Would You Like To Know When You Are Most Productive?

Ari Meisel
4 min readMar 27, 2020

Ever notice how there are parts of the day where you feel significantly more in “flow” than other times? When your productivity doesn’t seem to take any effort? When there’s a rhythm and momentum to your work that feels less like a slog and more like a symphony?

If you don’t know what I’m talking about, it’s probably because you’re not taking advantage of your Biological Peak Time.

Among the many reasons remote work is exploding in popularity, it’s adherents consistently report higher levels of productivity and efficiency. A big reason for this is that they aren’t hamstrung to the arbitrary 9-to-5 schedule of the post-industrial age — their biological clock naturally guides them towards working in the hours they’re most productive.

These hours are known as biological peak time, and they’re different for everyone.
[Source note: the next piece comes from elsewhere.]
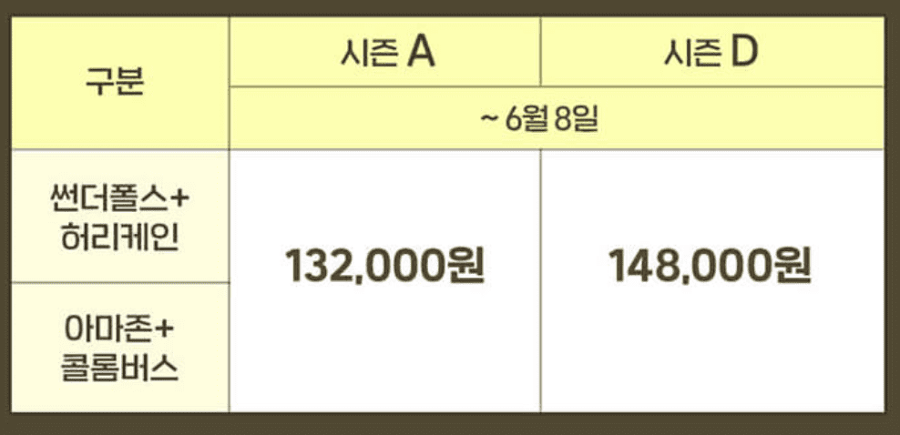 아래 소개될 할인들 역시 시즌별로 가격이 상이하니 방문하려는 요일에 해당하는 시즌이 어떤 종류인지 참고하시기 바랍니다.

On a fundamental level, humans have a distinct “energy curve” that’s dictated by our circadian rhythms. There’s a large body of research outlining a pattern for the average human:

To start the day it takes a few hours to reach peak levels of alertness and energy

After lunch/noon, those levels begin to decline, plateauing at 3pm

Alertness starts increasing again until hitting a second peak at 6pm

Alertness declines again for the rest of the evening all the way until 3:30am.
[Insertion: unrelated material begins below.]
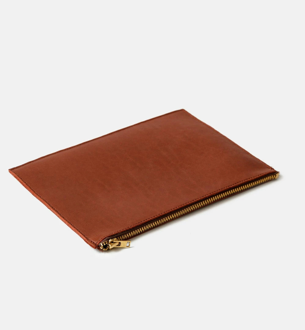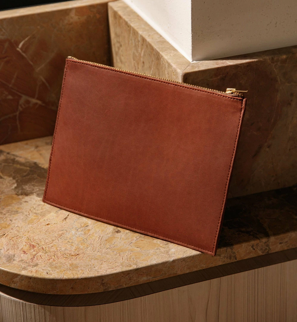 8″ x 6″ zippered pouch, genuine Italian leather, external pocket, gold zipper.

Energy levels start rising again for the rest of the morning until noon again the next day

Before even getting into individual differences, it’s painfully obvious why the modern 9-to-5 is so unproductive — some of our most productive hours are spent either sleeping or commuting home from work.
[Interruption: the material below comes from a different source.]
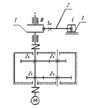 Вращательное движение от асинхронного электродвигателя передаётся через муфту на входной вал цилиндрического двухступенчатого соосного зубчатого редуктора. Первая ступень, называемая быстроходной, образована шестерней с числом зубьев Z1 и колесом с числом зубьев Z2 на промежуточном валу. Вторая ступень (тихоходная) образована шестерней на промежуточном валу с числом зубьев Z3 и колесом с числом зубьев Z4, смонтированным на выходном валу редуктора (Рис. 1).

These are general trends, however — they’re rather high level, and represent the average. On an individual, day-to-day basis, your energy levels might be diametrically opposite to the norm. Your own biological peak time is affected by circadian rhythms, but it’s also influenced by your environment — your diet, your exposure to different types of light at different parts of the day, the level of stress in your work, etc.

Needless to say, one of the most important “biohacks” you can do to improve your productivity is to identify the periods of the day where your body and mind and truly ticking and schedule your most important work around those times.

There are 2 ways to identify your biological peak time.

The hard way

The hard way is what I like to call a “productivity audit”.

First, figure out some way to quantify your “flow”. The easiest I’ve found is to assign a subjective measure of your current energy levels on a scale of 1–10. Some people like to break it down into energy, focus & motivation.

Now, every hour and every day, chart those results. Don’t look at past results while charting to bias yourselves, just give an honest accounting of how focused, energetic & productive you currently feel.

Run this audit for 3–4 weeks. While some people cut off all caffeine, alcohol, alarm clocks, etc. to get their “natural peak time”, I find that that’s not really helpful — for a lot of people, it’s not realistic to completely abandon those things anyway, so you’re better off determining your peak times given your normal routine.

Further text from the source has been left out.